Compatible Encoding Types

In some cases, you may choose to specify an encoding that is different from the actual encoding of the data. For instance, ASCII will almost always provide better performance than any other encoding. In order to do so, you need to understand whether the actual encoding is compatible with the specified encoding.

An encoding is compatible with another if the first encoding can be used in place of the other without significant data loss or corruption. However, it may still corrupt data or cause data loss if used for certain ranges of characters. For example, if data is encoded in UTF-8, you may be able to use ASCII as a compatible encoding when all of your characters are expected to be in the 7-bit ASCII range (0x00 – 0x7f). However, since character representations differ between ASCII and UTF-8 beyond this range, undesirable results may occur if you have data above this range and interchange these encodings. An incompatible encoding has no overlapping character ranges and if used would definitely give undesired results. ASCII, LOCALE, and UTF-8 may all be compatible to each other; the rest of the encodings are incompatible.

XML Files

When the record format is XML, all the options under file_attribute are ignored, except the file_size, block_size and compress_attribute.

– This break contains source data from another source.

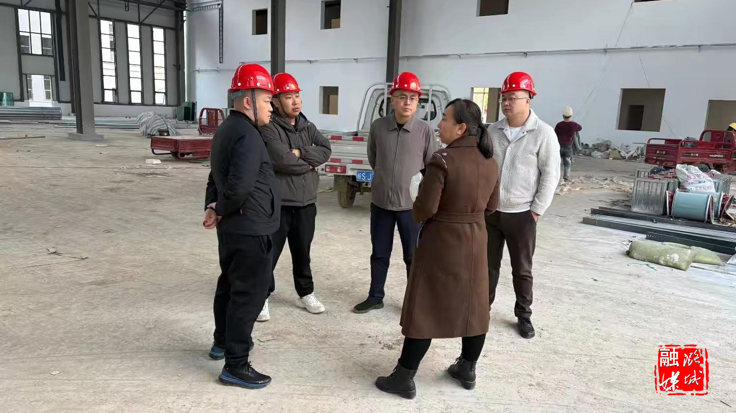 ▲微子镇负责人在数智互联产业园查看项目进场施工情况。
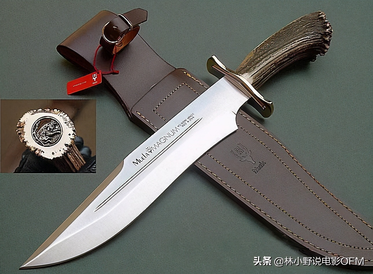 警长威尔·蒂斯尔从兰博后腰摸出这把刀,是整部电影的矛盾激化点,以点带面,展开故事情节(影片9分半钟才出现,节奏够慢的)。
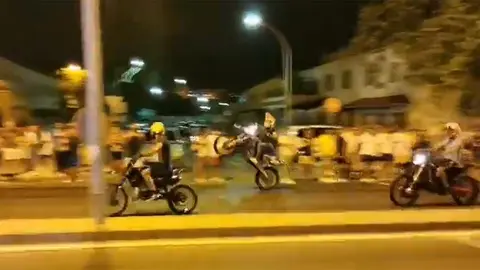 Por la noche, sobre las once horas, los moteros, que se habían dirigido a El Puerto de Santa María, volvieron a concentrarse en la avenida Blas Infante. Agentes de ambos cuerpos cortaron la avenida con el objetivo de poder dispersar las motos y el público asistente.

LAYOUT must be specified for XML input; layout must be the root of the XML document. The layout/structure of the XML document must be described by one of the following:
  • A Document Type Definition (DTD) inlined in the XML document;
  • A DTD referenced by the root element of the XML document;
  • An XML Schema referenced by the root element of the XML document;
  • A DTD or an XML Schema made available through the file specified in /DATADICTIONARY.
A schema that is found embedded or referenced in the XML input file (local schema) takes precedence over a schema that is made available through /DATADICTIONARY (external schema), unless EXTERNAL is specified, in which case external layouts take precedence.

When layout is not specified, Connect ETL will use a layout defined in a local schema. If the schema has more than one layout, Connect ETL will use the layout whose name matches the root of the source XML document.

For an XML layout, all the XML fields composing the layout that are found at run-time in the XML input will be extracted. If you want to extract only some XML fields, you need to specify an extracted XML layout through /XMLEXTRACT.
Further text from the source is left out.